$$\rightleftharpoonup{xx}$$
$$\longleftharp{xx}$$,
$$\longrightharp{xx}$$,
Comece colocando os componentes do moedor de lenços de papel no gelo. Este dispositivo inclui um almofariz e dois pilões de diâmetros diferentes.
Despeje um tampão de sal resfriado na argamassa e, em seguida, adicione tecido cerebral de camundongo.
O tampão mantém o equilíbrio osmótico, preservando a estrutura e a função celular.
Triture o tecido com vários movimentos suaves usando o pilão de menor diâmetro, que corta mecanicamente o tecido em pedaços menores.
Em seguida, acaricie com o pilão de diâmetro maior, facilitando a quebra do tecido em suas células componentes.
Transfira a mistura para um tubo e centrifugue.
Remova o sobrenadante.
Adicione tampão de sal resfriado e vórtice para quebrar os aglomerados de células e a mielina.
Em seguida, adicione um meio de gradiente de densidade e centrifugue.
Devido às diferenças de forma e massa, as células se acomodam na camada inferior, enquanto os detritos e a mielina se acumulam na camada superior.
Descarte o sobrenadante.
Adicione uma solução adequada para obter uma suspensão de células múltiplas para uso posterior.
Para homogeneização de tecidos, adicione 3 mililitros de HBSS pré-resfriado à argamassa de vidro pré-resfriada de um moedor de lenços Dounce e transfira a metade de um dos cérebros colhidos para a argamassa. Macerar suavemente o tecido com 10 pinceladas de pilão A, seguidas de 10 pinceladas de pilão B, e transferir a mistura homogeneizada para um novo tubo cônico de 15 mililitros.
Encha o tubo até um volume final de 10 mililitros com HBSS pré-resfriado para centrifugação e ressuspenda o pellet em 7 mililitros de HBSS fresco com vórtice antes de manter a amostra no gelo. Para remoção de detritos, adicione 3 mililitros de solução isotônica pré-resfriada a cada amostra digerida ou homogeneizada e subtraia suavemente as amostras para garantir que estejam homogeneamente misturadas.

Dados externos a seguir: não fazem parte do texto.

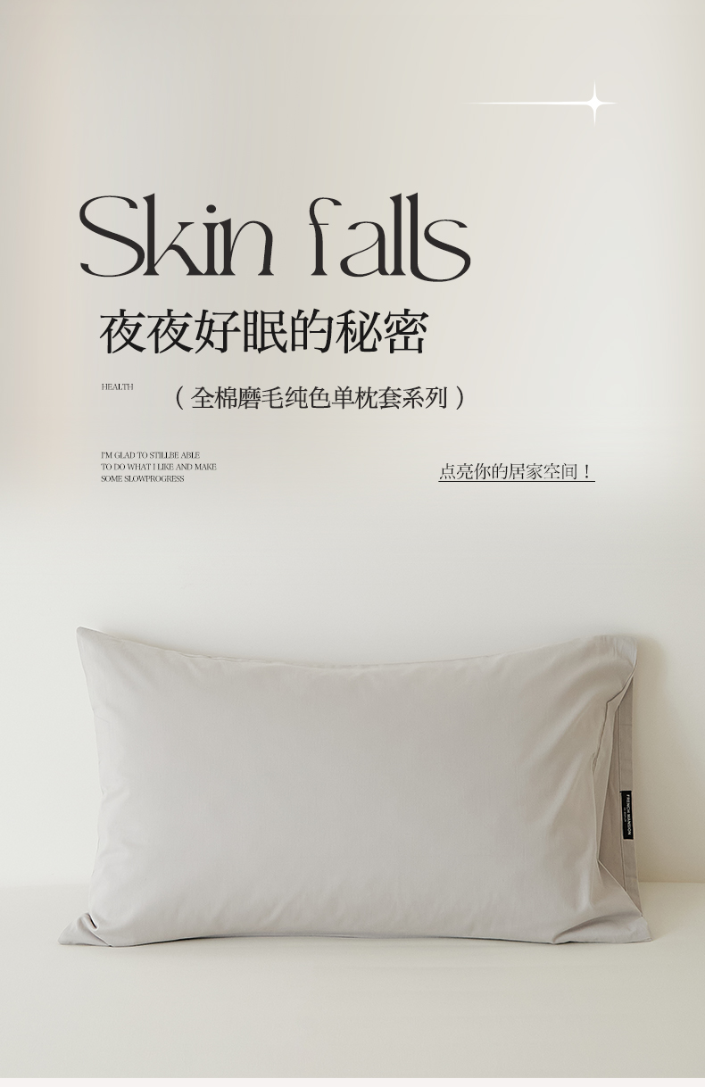商品名称:EH家居 2025新款全棉磨毛纯色单枕套-云栖系列 云栖-云灰色
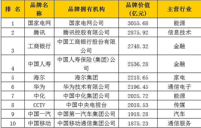 2016年中國(guó)品牌500強(qiáng)發(fā)布 國(guó)家電網(wǎng)、騰訊和工行名列三甲

Em seguida, centrifugue as amostras e remova cuidadosamente o disco esbranquiçado de detritos e mielina flutuando na superfície da solução. Quando os detritos tiverem sido descartados, colete todos, exceto os últimos 100 microlitros do sobrenadante de cada tubo, sem perturbar os pellets. Ressuspenda cada pellet em 1 mililitro de solução FACS/BL para transferência para tubos de microcentrífuga individuais de 1,5 mililitro.
Após a centrifugação com a solução de partículas, é importante remover o disco de detritos e o sobrenadante com muito cuidado, sem desalojar o pellet celular, para evitar a perda de amostra.
Após a centrifugação, aspire cuidadosamente o sobrenadante de cada tubo e ressuspenda os pellets em 350 microlitros de FACS/BL fresco por tubo.